Die Kamera geht bei solchen Szenen auf Distanz, zeigt sorgfältig ausgeleuchtete Tableaus, die das ganz und gar Künstliche, Gestellte betonen. Dazu kommentiert Mansky nüchtern aus dem Off, wie die Bilder entstanden. Immer wieder sind auch "echte" Theatervorhänge und Bühnen zu sehen - neben Zin-mis inszeniertem Privatleben filmt Mansky einige der großen staatlichen Inszenierungen: Zin-mis Weihe als Jungpionierin, eine Tanz- und Gesangsaufführung zu Ehren des "großen Führers" Kim Jong Un, Aufmärsche, Morgengymnastik oder Blumenniederlegungen zu den gigantischen Bronzefüßen der Statuen der "geliebten Führer".

"Im Strahl der Sonne" ist ein aufschlussreicher Film über Propaganda.

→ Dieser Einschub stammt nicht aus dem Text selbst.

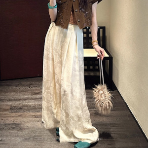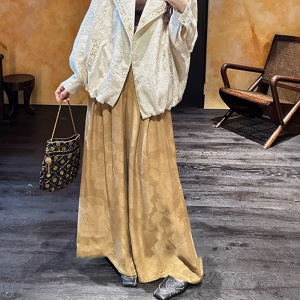【宋至】人丝织金提花双面缎垂垂裤2025秋季新款休闲百搭裤子

Die Massenszenen erinnern aber auch an Monumentalfilme: Schließlich kann auch ein Filmdreh eine Diktatur sein: Es ist eine böse Pointe, dass der nordkoreanische Aufpasser, der die Familie dirigiert, nicht anders handelt als ein gewöhnlicher Regisseur.

Kurze, unkontrollierte Augenblicke des Menschlichen

Spontane Momente sind selten. Einmal konnten Mansky und sein Team Kinder filmen, die in einer Mülltonne wühlen. Ein anderes Mal beobachten sie, wie ein Kind bei der Erzählung eines über und über mit klingelnden Orden behängten Kriegsveteranen einnickt. Es sind kurze, unkontrollierte Augenblicke des Menschlichen, die das System nicht vorsieht - und sie auch schon weitgehend ausgemerzt hat mit Propaganda und brutaler Gewalt.

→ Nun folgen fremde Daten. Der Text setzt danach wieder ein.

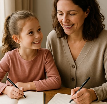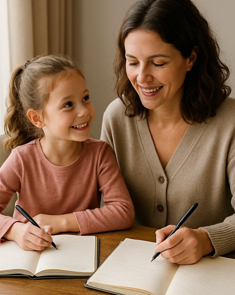You sit at the table with a notebook between you. The room is quiet, except for the soft scratch of pens. After a while, your child turns their page toward you with a shy smile. “I wrote about how fun our weekend hike was,” they say.

Es ist genau dies, was Mansky in den müden, harten, fast leblosen Gesichtern der Passanten entdeckt, die er manchmal filmen kann: dass es jenseits der offiziellen Erzählungen wohl nicht mehr viel gibt. Ja, man kann auch die Fluchträume des Denkens zerstören, das ist Manskys bittere Erkenntnis über Nordkorea. Die Menschen dort wirken kaum noch wie Individuen, vielmehr wie Statisten einer großen Politshow. Ein anderes Leben als das, was es führt, kann sich schließlich auch das Mädchen Zin-mi nicht vorstellen.

Im Strahl der Sonne, Russland/D/Tschechien, Lettland, Nordkorea 2015 - Regie: Vitaly Mansky. Kamera: Alexandra Ivanova, Mikhail Gorobchuk. Schnitt: Andrej Paperny. Salzgeber, 90 Minuten.